5/8" plywood or mdo would be acceptable. Don't use mdf or particle board as it will sag. Also consider a hardwood strip around the edges, that will dress it up a little and keep it from sagging. A 1 1/4" hardwood strip glued and possibly biscuited to the edge of the ply wood would give it considerable strength. Mdo, would accept paint well.

Reactions: Thank You! 1 | Agree 1


----------



## jim mcnamara (Sep 11, 2016)

You would have to steam bend any hardwood edging as thick as 1.25 inches, if I understand the picture of the cardboard mock up of a shelf above.

As a general comment, laminates like plywood, because of bidirectional grain and glued laminations, are stronger than a single piece of wood the same thickness - using the same species of wood, of course. So as crude rule of thumb, 0.50 inch ply is structurally as strong (bending and creep) as a piece of 1.0 inch solid wood, same species. Better quality plywood has fewer voids (or none ) than lower grades, and so is structurally stronger than the lower grades.

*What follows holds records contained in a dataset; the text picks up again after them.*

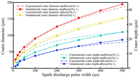 Using the model established in Section 3.3, nine groups of thermal erosion simulations were conducted with varying pulse widths. And the experiments and simulations were compared to evaluate the accuracy of the model using the experimental data from Section 3.1. For different materials, the energy distribution coefficient in the discharge process was different, which is influenced by the resistance and thermal conductivity of the material. Compared with metal materials, Cf-ZrB2-SiC had higher resistance and excellent heat dissipation capacity, resulting in a lower energy distribution coefficient. Through comparison with experimental data, it has been determined that the simulation achieves higher accuracy when the energy distribution coefficient is 0.31. A comparison between the simulation and experimental results is illustrated in Figure 10.
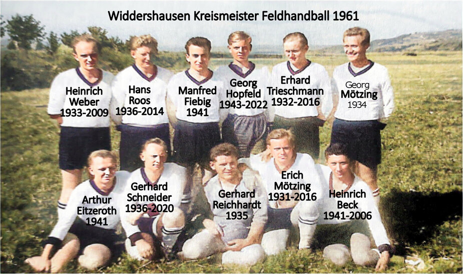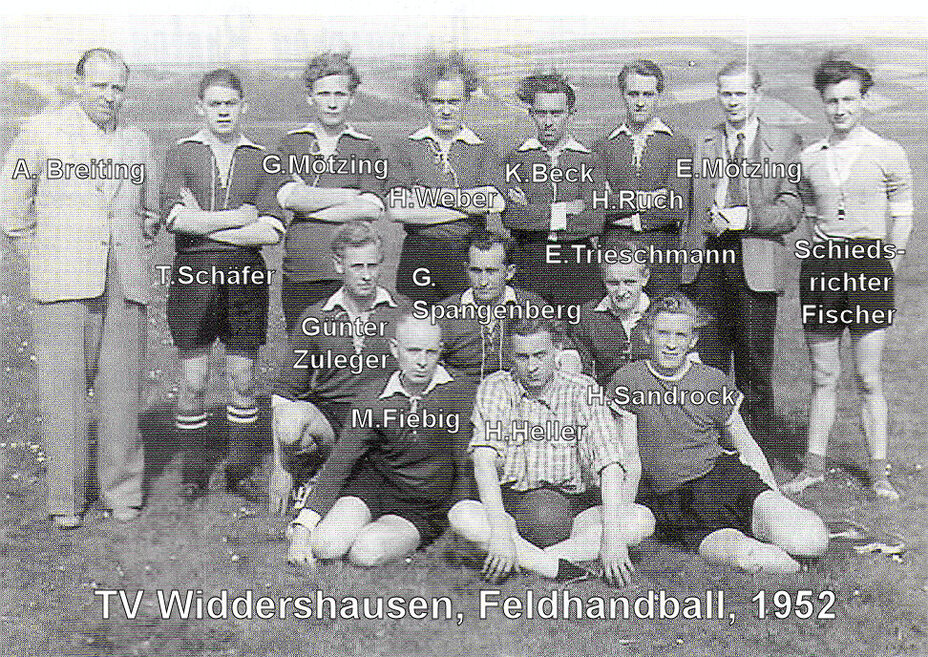 | Historie Im Frühjahr 1952 trafen sich einige junge Männer in der Gaststätte Führer mit dem Ziel, in Widdershausen einen neuen Sportgeist zu beschwören und gemeinsam den Handballsport, damals ausschließlich Feldhandball, der schon in früheren Jahren in Widdershausen Erfolge feiern konnte, wieder aufleben zu lassen. | ||
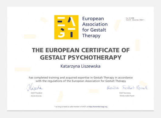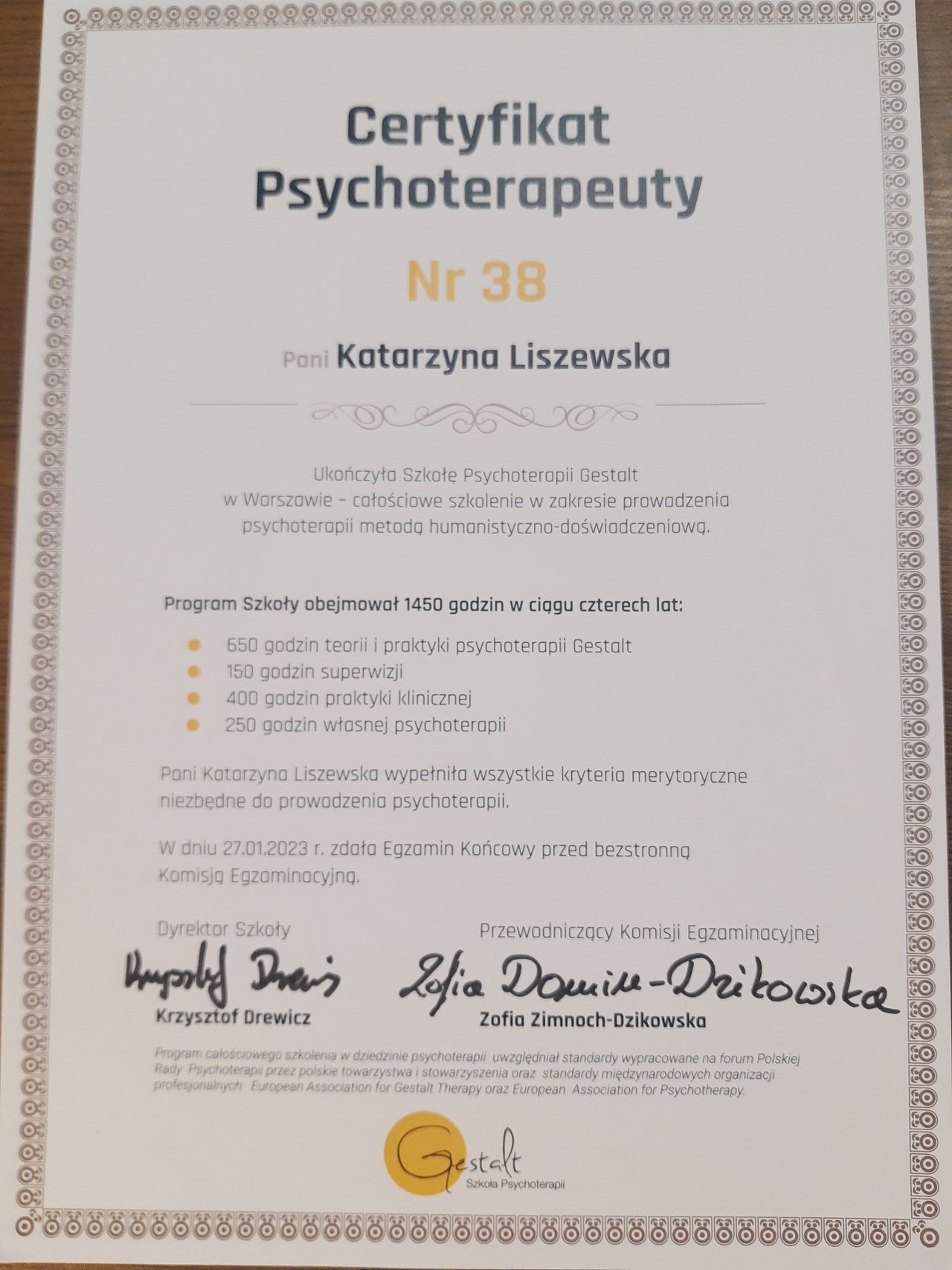 Jestem pedagogiem i certyfikowaną psychoterapeutką, pracującą w nurcie Gestalt. Ukończyłam studia pedagogiczne na Uniwersytecie Wrocławskim o specjalności poradnictwo rodzinne i zawodowe, a także 4 - letnią Szkołę Psychoterapii Gestalt w Warszawie zakończoną certyfikacją w European Association for Gestalt Therapy (EAGT). Ponadto zrealizowałam całościowe szkolenie - Studium Terapii Par i Małżeństw w ramach Wielkopolskiego Instytutu Psychoterapii oraz poszerzam dalej swoje kompetencje uczestnicząc w szkoleniach z zakresu pracy terapeutycznej z klientem. Prowadzę konsultacje i sesje psychoterapeutyczne w gabinecie we Wrocławiu oraz online. Pracuję z osobami dorosłymi w procesach indywidualnych, jak i w ramach terapii par i małżeństw. Do podjęcia psychoterapii, szczególnie zapraszam osoby doświadczające: - trudności w odnalezieniu rozwiązań swoich problemów, - niskiej samooceny, braku wiary w siebie i swoje możliwości, - trudności w adaptacji do zmian i nowych warunków, - poczucia ciągłego stresu, przemęczenia, przepracowania, - trudności w wyrażaniu swoich emocji, - wypalenia, w tym wypalenia zawodowego, - poczucia braku motywacji i/lub sensu życia, - utraty bliskiej osoby, - długotrwałego smutku, - trudności z zapanowaniem nad złością, - poczucia zagubienia, bezradności, - samotności, - trudności w relacjach z bliskimi lub kontaktach społecznych, - stanów lękowych, poczucia ciągłego niepokoju, - kłopotów w związku lub jego rozpadu. W trakcie terapii skupiam się przede wszystkim na jakości relacji terapeuta – klient. Moim celem jest wsparcie w poszerzaniu samoświadomości klienta i odnalezieniu jego osobistego potencjału. W trosce o dobro swoje i swoich klientów pracuję w oparciu o wytyczne Kodeksu Etycznego Polskiego Towarzystwa Psychoterapii Gestalt a swoją pracę poddaje regularnej superwizji.
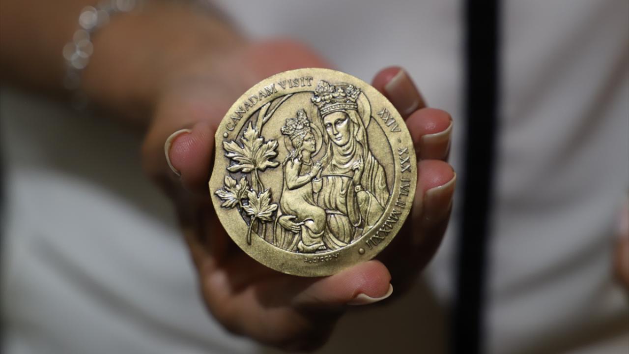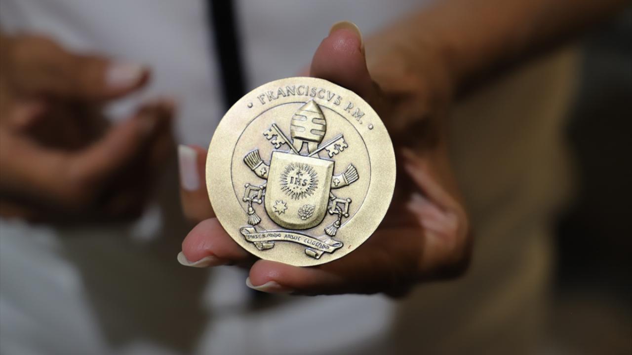 Korkmaz, Papa’nın kendisine hediye ettiği ve Kanada ziyareti için Vatikan tarafından sınırlı sayıda üretilen hatıra parayı da gösterdi.
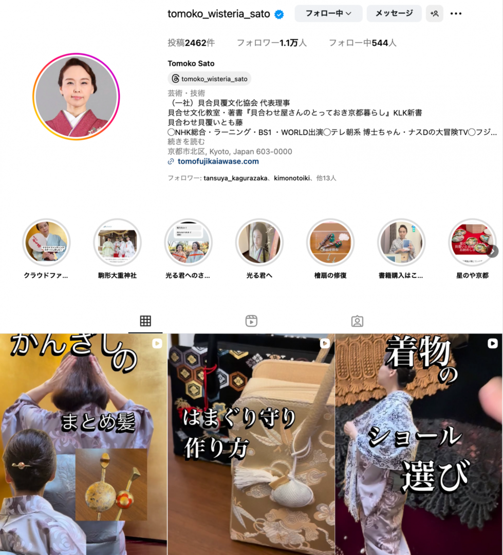 ○ 「デジタル時代の師範」として知られるきものすなおさ( https://www.instagram.com/kimonosunao/ )は、一級着付け技能士の知識を活かし、YouTubeで詳細な着付けチュートリアルを発信。特に60代以上の視聴者から絶大な支持を得ており、着物の「本格的な学び」を求める大人世代の強い味方です。「黒留袖の会」のようなコミュニティ活動を通じて、視聴者を受動的なファンから、積極的に着物を楽しむ「仲間」へと変えています。

phinds posted ( http://woodbarter.com/threads/wood-id-resources.70/ ) a link to the FPL resources. Download a free copy of 'Wood as an Engineering Material'. Super useful.

As you can see, it is kinda hard to give good advice by remote control, so to speak, when we don't know much about the requirements. I'm guessing your friend did not give you enough information to start with.

Reactions: Thank You! 1


----------